Sie haben wahrscheinlich damit gerechnet, während des gesamten Spiels auf ein paar Schluckaufe zu stoßen Ihre Stillreise , aber es ist unwahrscheinlich, dass Sie sich darauf vorbereitet haben, dass das Stillen Ihres Babys von plötzlichen negativen Emotionen wie Traurigkeit, Angst oder sogar Wut unterbrochen werden könnte.

Bei Menschen, die mit dysphorischem Milchspendereflex (D-MER) zu tun haben, können die hormonellen Veränderungen, die in den Momenten vor dem Füttern Ihres Babys auftreten, flüchtige, aber intensive negative Gefühle wie Selbsthass und Hoffnungslosigkeit auslösen.

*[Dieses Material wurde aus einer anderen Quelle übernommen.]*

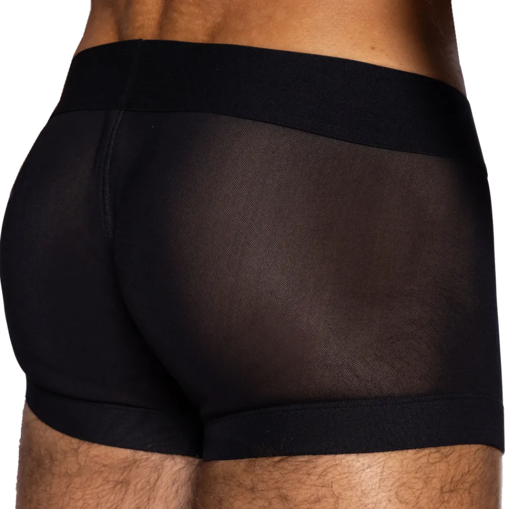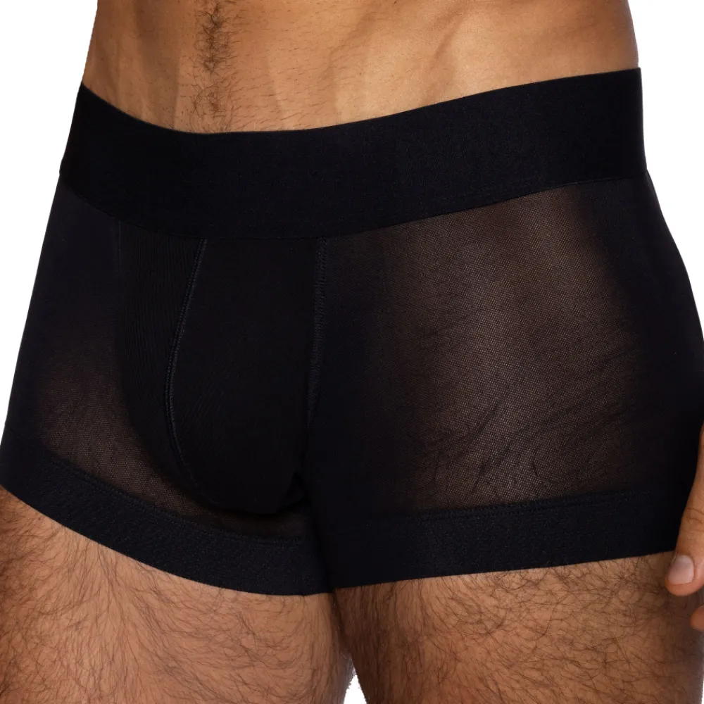 Boxer en résille super extensible, douce et respirante. Poche frontale préformée en microfibre opaque, assurant un support naturel et un grand confort tout au long de la journée. Large ceinture élastique signée BIKE.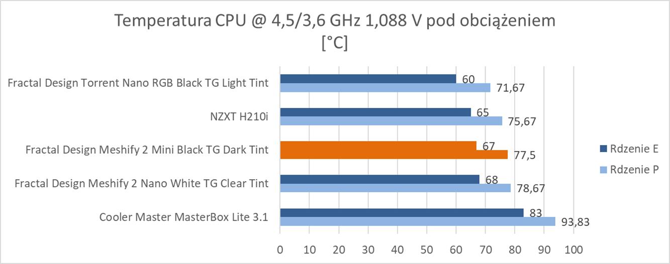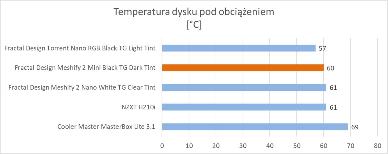 Na wykresach znajdziecie również model Nano, który wypada tylko minimalnie słabiej od Mini. Jeśli więc szukacie jeszcze mniejszej obudowy, to Nano również zapewni Wam dobre temperatury.

Für diejenigen, die unter diesen Symptomen leiden, kann es sich isolierend, verwirrend und enorm lähmend anfühlen. Schauen wir uns genauer an, was D-MER ist und wie stillende Eltern damit umgehen können.

Was ist D-MER?

D-MER ist eine erst kürzlich anerkannte Erkrankung, und als solche wurden nur wenige Studien dazu durchgeführt. Wir wissen jedoch, dass es stillende Eltern betrifft und vermutlich durch die auftretenden hormonellen Veränderungen verursacht wird kurz vor der Enttäuschung .

„D-MER ist eine Anomalie des Milchspendereflexes, die eine kurze, aber oft intensive Welle von Dysphorie verursacht, wenn die Milchabgabe ausgelöst wird. Es wird erlebt und gefühlt, kurz bevor die Milch aus der Brust einer Mutter freigesetzt wird“, sagt Alia Macrina Heise, IBCLC, eine vom International Board zertifizierte Laktationsberaterin, die weithin als Autorität auf diesem Gebiet gilt, nachdem sie selbst an der Krankheit gelitten und sie identifiziert hat.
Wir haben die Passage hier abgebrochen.